閨蜜寧希顏有厭男症,身邊不允許有任何男性靠近,被男人碰下手就要清潔消毒五十遍,否則身體嚴重過敏,長滿紅疹。
宋梔年以為這輩子都不可能看見她交男朋友。
可閨蜜“斷聯”半個月後,宋梔年忽然接到了她因黃體酮破裂被送院搶救的電話。
安頓好女兒,宋梔年便匆忙趕去醫院。
術後的寧希顏臉色蒼白卻在提起這個害她入院的男人時,頓時羞紅了臉。
“年年,他是唯一一個能接近我的男人,我好像真的陷進去了!”
“怎麼會有人那裏長得這麼粗......又這麼大!”
“他像是完美契合了我的身體!你不知道,這半個月我跟他......幾乎沒有走出過房間......”
宋梔年聽了臉上一熱。
自己雖然已婚,也生過孩子,可丈夫裴景深和她有嫌隙,一年裏,回家的次數屈指可數,更別說和她做那件事了。
“對了,我是不是還沒給你看過他的照片?”寧希顏一臉被幸福滋潤的樣子。
她拿出手機,遞在宋梔年麵前。
宋梔年紅透著臉,剛要推開,卻在無意瞥到的那一刹,瞪大了雙眼,愣住了!
她嘴唇輕顫微張,仿佛過了許久才找回自己的聲音:
“這半個月,和你一直在一起的人,是他?”
寧希顏沉浸在甜蜜的回憶裏,點了點頭。
“對,裴氏集團總裁,裴景深。”
“年年,我知道你在驚訝什麼,一開始知道他的真實身份後,我也很生氣!
誰都知道他結婚了,有老婆孩子。更何況你清楚的,我厭男,更厭拋妻棄子的渣男!
可你知道嗎?裴景深為了求我原諒,居然跪在我家樓下整整兩天兩夜!”
“最後,他跟我說,他並不愛他老婆,娶她完全是被逼的!
他甚至很久沒有碰過那個女人了,至於那個孩子也是個意外,是他老婆給他下藥才有的,還說他會離婚——
欸,年年,你怎麼......哭了?”
哭?
她哭了嗎?
血肉像是被撕扯開,破了個大洞,痛得宋梔年連呼吸都發不出來。
那些不堪的回憶,更是劈頭蓋臉朝她砸來。
裴景深和閨蜜說得沒錯。
他的確不愛她,因為......他從來都隻把自己當“兄弟”。
而裴景深真正愛過的女人,是他生病早逝的初戀,時若盈。
裴宋兩家交好,她和裴景深從小一起長大。
年幼時,父母忙。
宋梔年發高燒,險些燒成肺炎時,是裴景深爬到二樓破窗將她背去醫院。
她在學校被別的女生霸淩欺負,是裴景深揪著她的書包,提溜著她去了巷口教她怎麼“欺負”回來。

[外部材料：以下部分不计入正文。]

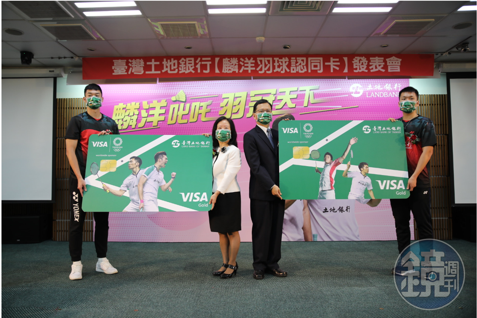 土地銀行今(8/31)宣布發行麟洋羽球認同卡,由土銀董事長謝娟娟(左2)、總經理何英明(右2)偕同王齊麟(左1)與李洋(右1)進行揭卡儀式。(土銀提供)發布時間:2021.08.31 12:57 臺北時間
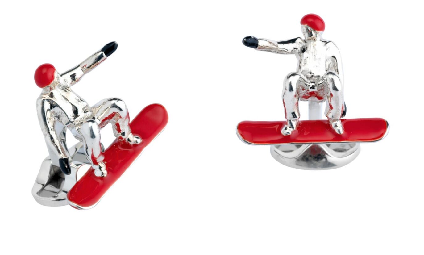 A snowboardozás szerelmesei szezontól függetlenül is szívesen mutatják meg, melyik sportágért dobban a szívük. A Deakin & Francis ezüst mandzsettáival pedig mindezt elegáns körülmények között is megtehetik: a szemet gyönyörködtető miniatűr alkotásokat a kézzel zománcozott részletek teszik kellően egyedivé.

有高年級的男生向宋梔年表白,裴景深霸道地站在他們兩個中間冷冷地瞥了一眼,語氣不善:
“你年紀還小,學人談什麼戀愛?被人騙了又得找我哭!”
他強行拽走了宋梔年,卻沒發現她漲紅著臉和寸步不離緊跟著他的身影。
多年陪伴,宋梔年早就喜歡上了裴景深。
當晚,她下定決心將“我喜歡你”打在對話框裏時,下一秒,卻收到了裴景深發來的消息:
“宋梔年,我要戀愛了!”
兜頭一桶涼水澆下,宋梔年站在原地不知所措,反應許久。
最後,她顫抖著手刪掉了那四個字,就像什麼也沒發生過。
裴景深愛上了班裏新來的轉校生,時若盈。
這場戀愛,他談得炙熱又轟動,仿佛傾盡一切要把所有最好的東西都交在時若盈手中。
以至於後來,時若盈突發急症去世時,裴景深絕望的也要割腕和她一起走。
那段時間,宋梔年成了裴景深最信任的人,也是唯一能靠近他病房照顧他的人,可後來,他們的關係全部“死”在了那一夜。
他中了藥。
而那碗湯,是宋梔年親手端給他的。
宋梔年永遠也忘不了那一天,他憤怒的赤紅了眼,將病房亂砸一通,他罵她是“賤人”“叛徒”,怪她讓自己背叛了時若盈!
宋梔年被迫用身體和孩子牽製住了想要殉情的裴景深,卻也永遠失去了他......
“年年,對不起,是不是我的話讓你想到那個沒心沒肺的白眼狼了?!”
閨蜜滿是歉意的聲音打斷了她的思緒。
宋梔年恍過神來,抬手隨意擦了把臉,“沒事,我就是有點擔心你,我去洗把臉。”
她起身進了衛生間,耳邊傳來寧希顏喋喋不休的憤慨勸誡。
“要我說,你那個死鬼老公趁早踢了得了,懷孕產檢要你一個人不說,你出車禍,他電話也不接,你生孩子大出血,他居然出差,月子裏別人都是老公陪,你倒好,身邊隻有我這個閨蜜和他媽請的月嫂保姆!”
“這樣的男人,但凡給錢也算一回事,可你和他住一起,水電費甚至都要你AA出,白得的老婆孩子,他把你當什麼?怎麼什麼便宜都要占你的——”
寧希顏話還沒說完,大門砰的一聲被人焦急推開。
“顏顏,你怎麼樣了?”
這聲音......
宋梔年下意識攥握緊拳。
半遮掩的門,透出一角。
裴景深發絲淩亂,一張臉上寫滿了焦急和緊張。
距離宋梔年上一次見到他,已經是三個月前的事情了。
“哼,還能怎麼樣?裴景深,真有你的,你就不怕我死床上嗎?哪兒人男朋友像你這樣的,做完就跑!”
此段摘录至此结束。